Be it mum guilt or dad guilt, us parents seem to face this debilitating emotion at every turn. Guilt is something I struggle with sometimes. as a father. I could think of no one better to discuss the issue with than Jo Wimble-Grove who writes the Guilty Mother blog.
Do I play with my kids enough? Do the kids and I do enough arts and crafts? Do they get too much screen time? Should I really have spoken to them that way? I could go on, but these are just a few of the concerns I have as a parent that can make me feel guilty.
In my latest video collaboration, Jo and I discuss what makes us guilty, our experiences of guilt and whether mum and dad guilt is any different. Please do click on play below to see what we had to say.
School run guilt
I found there were some interesting parallels in what we had experienced. It was the guilt at having a daughter at nursery full-time and having missed some of those never-to-repeated parenting moments like the first steps that persuaded me to leave the workforce so I could spend more time at home.
Jo, who works full-time running a telecommunications business with her brother, said she had been made to feel very guilt by her daughter for not doing the school run. Her daughter once remarked: “You’re the only mum who doesn’t pick up from school.”
“It made me feel terribly guilty,” said Jo. “A lot of the mums had no idea who I was and made a point of saying they had ‘never seen me before’”.
Although Jo discovered she wasn’t the only mum not to do the school run, the experience clearly had an impact. This experience partly inspired her to start the Guilty Mother blog!
Fatherhood guilt
Naturally I had to ask Jo about fatherhood guilt. Interesting, Jo admits in this blog post that it’s an issue she hadn’t really considered before.

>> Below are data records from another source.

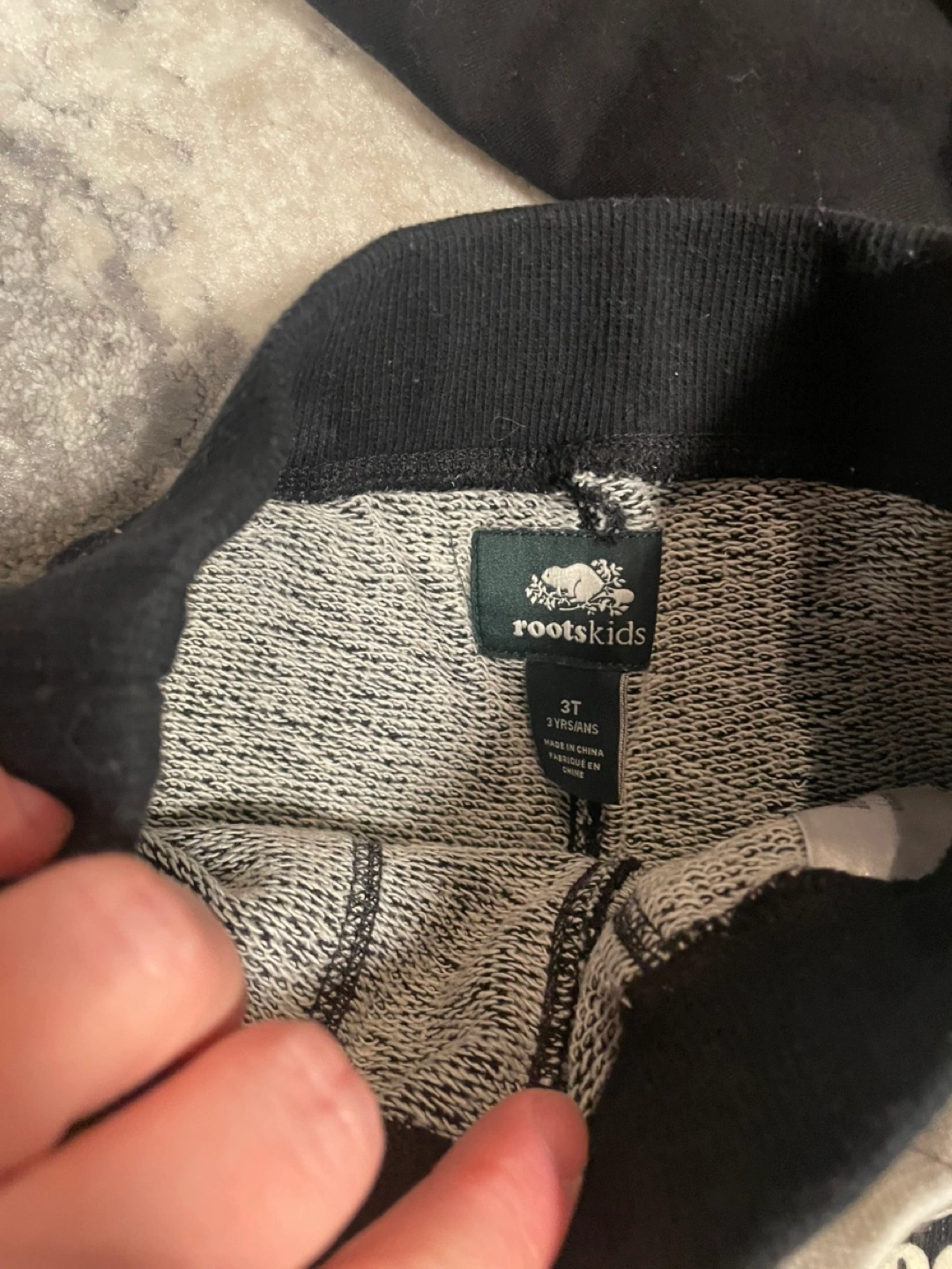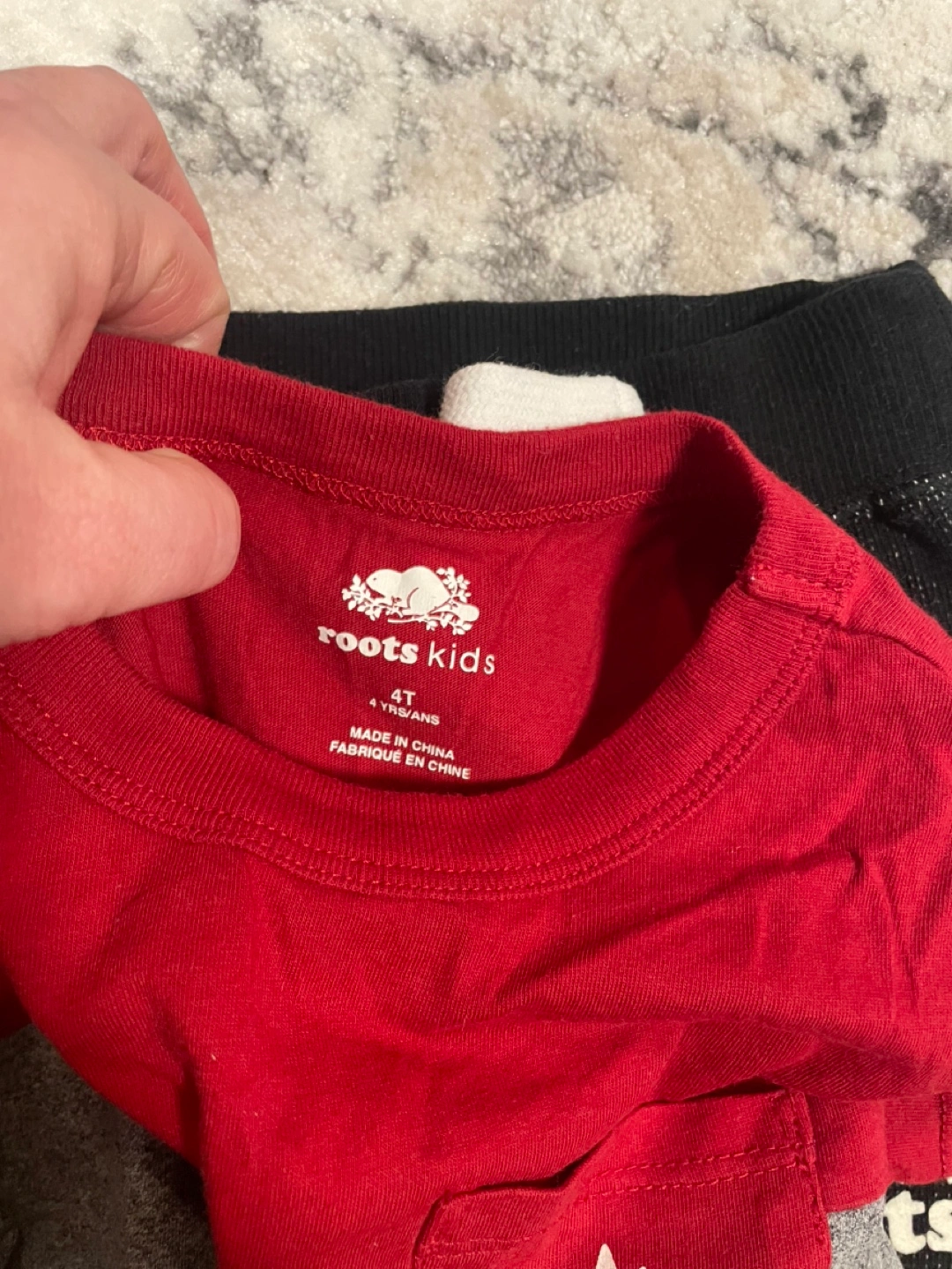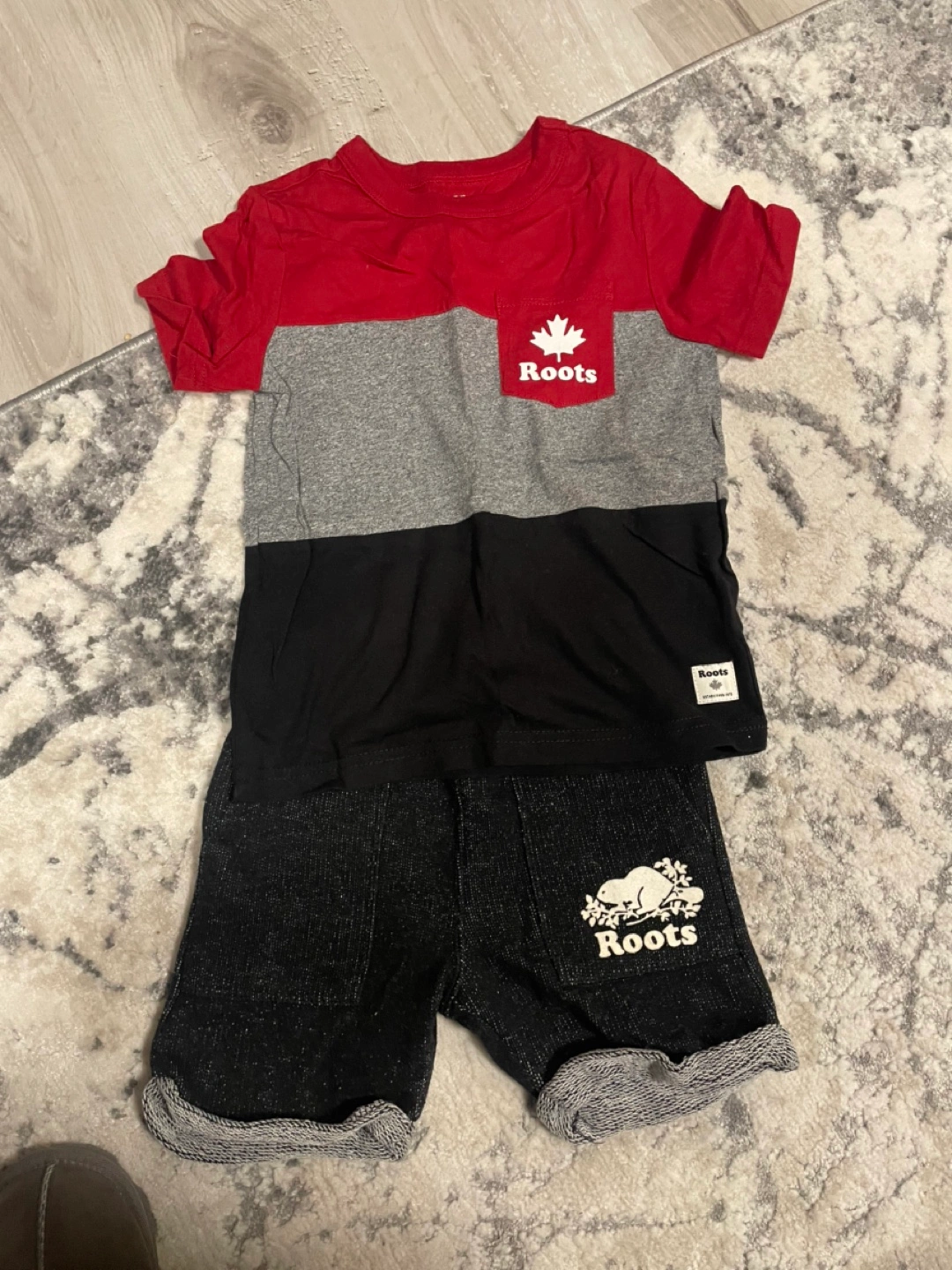 Adorable Roots Kids outfit. Includes a red, grey and black shirt and a pair of black denim shorts. Size 3T. Great condition.
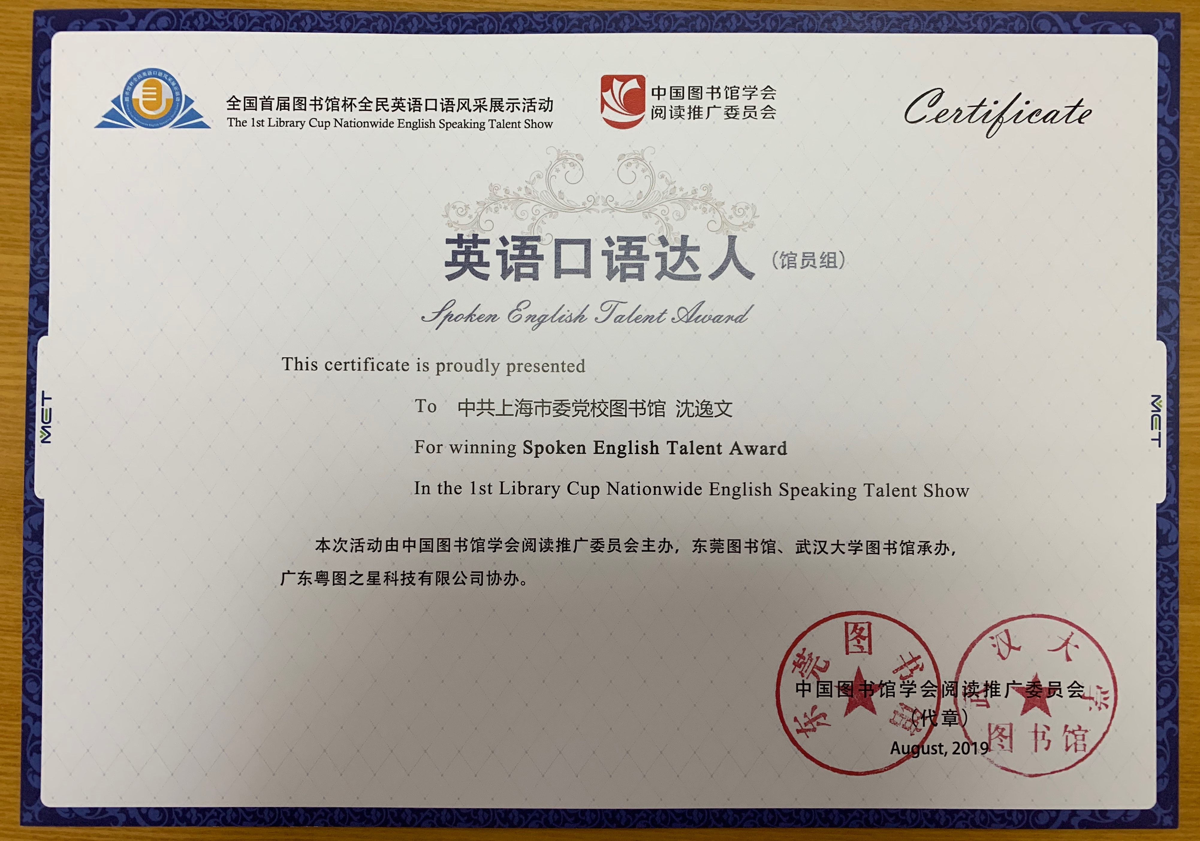 本网讯 由中国图书馆学会阅读推广委员会主办,东莞图书馆、武汉大学图书馆承办的全国首届“图书馆杯”全民英语口语风采展示活动于近日落下帷幕。我校图书馆馆员沈逸文荣获馆员组“英语口语达人”称号。 本次活动从今年4月1日正式启动,全国共 1317个图书馆参与,171778 名选手报名参加。校图书馆积极组织读者及馆员报名参加,活动旨在倡导全民阅读,不断创新阅读推广方式,充分体现出图书馆学习中心的服务特质;同时,增强图书馆工作人员和读者专业英语沟通技能,提升党校人涉外服务能力。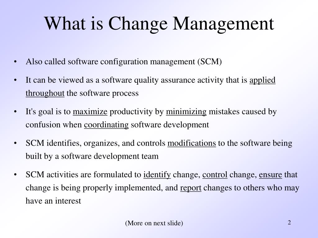 What is Change Management • Also called software configuration management (SCM) • It can be viewed as a software quality assurance activity that is applied throughout the software process • It's goal is to maximize productivity by minimizing mistakes caused by confusion when coordinating software development • SCM identifies, organizes, and controls modifications to the software being built by a software development team • SCM activities are formulated to identify change, control change, ensure that change is being properly implemented, and report changes to others who may have an interest (More on next slide)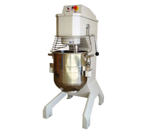 Planetary Mixer, floor model, 60 quart capacity, 20 speeds, includes stainless steel bowl, safety guard, dough hook, whip and flat beater, cast iron frame with enamel plated steel finish, 4 HP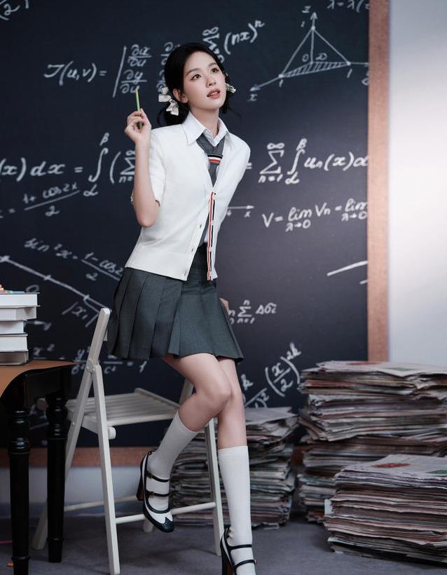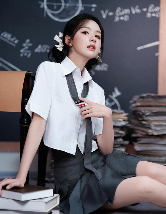 她挑选衣服的时候,从来不追求特别花哨的东西。白色衬衫几乎成了她最常出现的单品。把领口微微打开,露出一点锁骨,再配一条浅蓝色高腰百褶裙,整个人瞬间就有了学院的味道。外面再套一件同色系的针织马甲,颜色柔和,质感软软的,走路的时候裙摆轻轻晃动,仿佛风都跟着慢了下来。这样的搭配,谁看了都会觉得清爽又安静。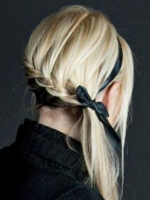 • Зберіть передні пасма на потилиці і прикрасьте стрічкою – особа відкриється і всі побачать старанну колишню школярку.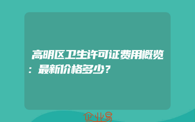 - 高明区卫生许可证费用概览:最新价格多少?一、引言近年来,随着营商环境的持续优化和市场竞争的日益激烈,企业对于合法合规经营的要求也日益提高。卫生许可证作为企业合法经营的重要资质之一,其办理流程及费用一直是众多企业和商户关注的焦点。本文将针对高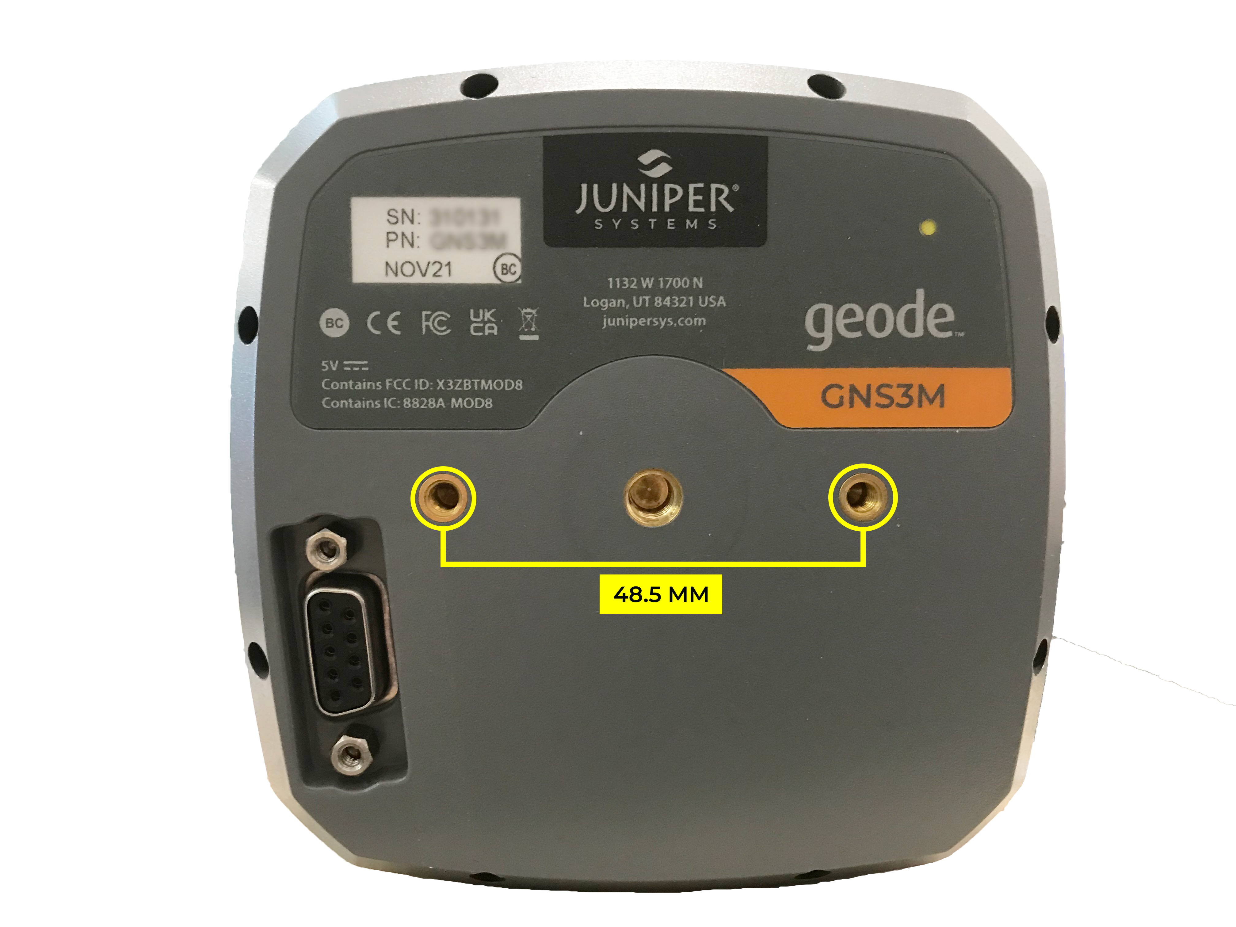 Geode comes with a 1/4”-20 to 5/8”-11 brass adapter. Screw the adapter into the center mounting hole to connect the Geode to a camera tripod or standard 2 m survey pole. To avoid damage to the case, the max screw depth for the center mounting hole is 7 mm (0.3 in.). For a detailed list of mounting options, see https://blog.junipersys.com/which-geode-carrying-mounting-option-is-best-for-you/.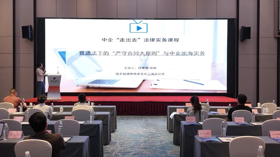 主题宣讲环节,德禾翰通上海办公室高级合伙人、德禾上海涉外业务委员会主任何秀娟律师作“普通法下的严守合同大原则与中企出海实务”主题分享。她围绕“严守合同原则的解释、跨境交易中与严守合同原则相关的实务雷区”两大要点展开深入阐述。何秀娟律师以其丰富的实务经验,为中企出海规避合同风险提供了极具价值的参考与指引。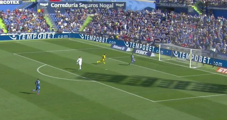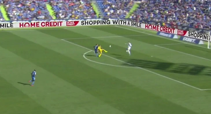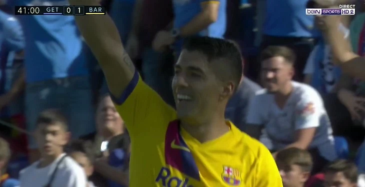 На форварда выбегал вратарь Давид Сория. Обрабатывать не было времени, поэтому Суарес подстроился под отскок и перебросил голкипера.

Even so, Jo feels that fathers are affected by “something” but that it’s not quite the same as mum guilt. In the video she talks at length about how her husband treasures the times he spends with their children and that he likes to do it on his own, without interruption. He can’t “get back” the long hours he spends at work, but will do whatever he can with them when he is at home.
I must confess, I wasn’t entirely persuaded by this argument. In my experience, dad guilt is very real. It’s certainly something I hear guys talking about. Maybe it’s something that men just need to get better at discussing?
It’s an issue for working and stay at home parents
Moving on from mum and dad guilt, for me one of the most interesting comments Jo made was: “It’s not just working parents that feel guilty.”
She explained that parents who stay at home can feel guilt. I would certainly agree with this.
I know my wife feels guilty for not being around the kids as much as she would like. She felt this particularly acutely shortly after Izzy was born.
As the stay at home parent, I make no secret of my battle with parental guilt. On that basis, I feel Jo is quite right, mums and dads can feel guilt whether they are working or not.
More to follow. . .
It was a fascinating discussion. Jo and I have it in mind to meet up again and record more videos.
If there’s a subject you’d like us to discuss, please do leave a comment below. Please do also leave a comment detailing your experience of mum or dad guilt. I’d love to hear what your thoughts are.
2 thoughts on “Exploring mum guilt and dad guilt with The Guilty Mother”
This is an interesting comparison! I think that all parents have guilt of some sort – how deep and how it shows itself just depend on our situations.
It’s hard when there is no concrete way of knowing what is best for our children. We all just have to figure it out as we go and be proud of our decisions.
It is very hard and what you say echoes Jo’s sentiment of you watch the video. She outlined exactly what she thought success looked like. We do indeed have to figure this out for ourselves.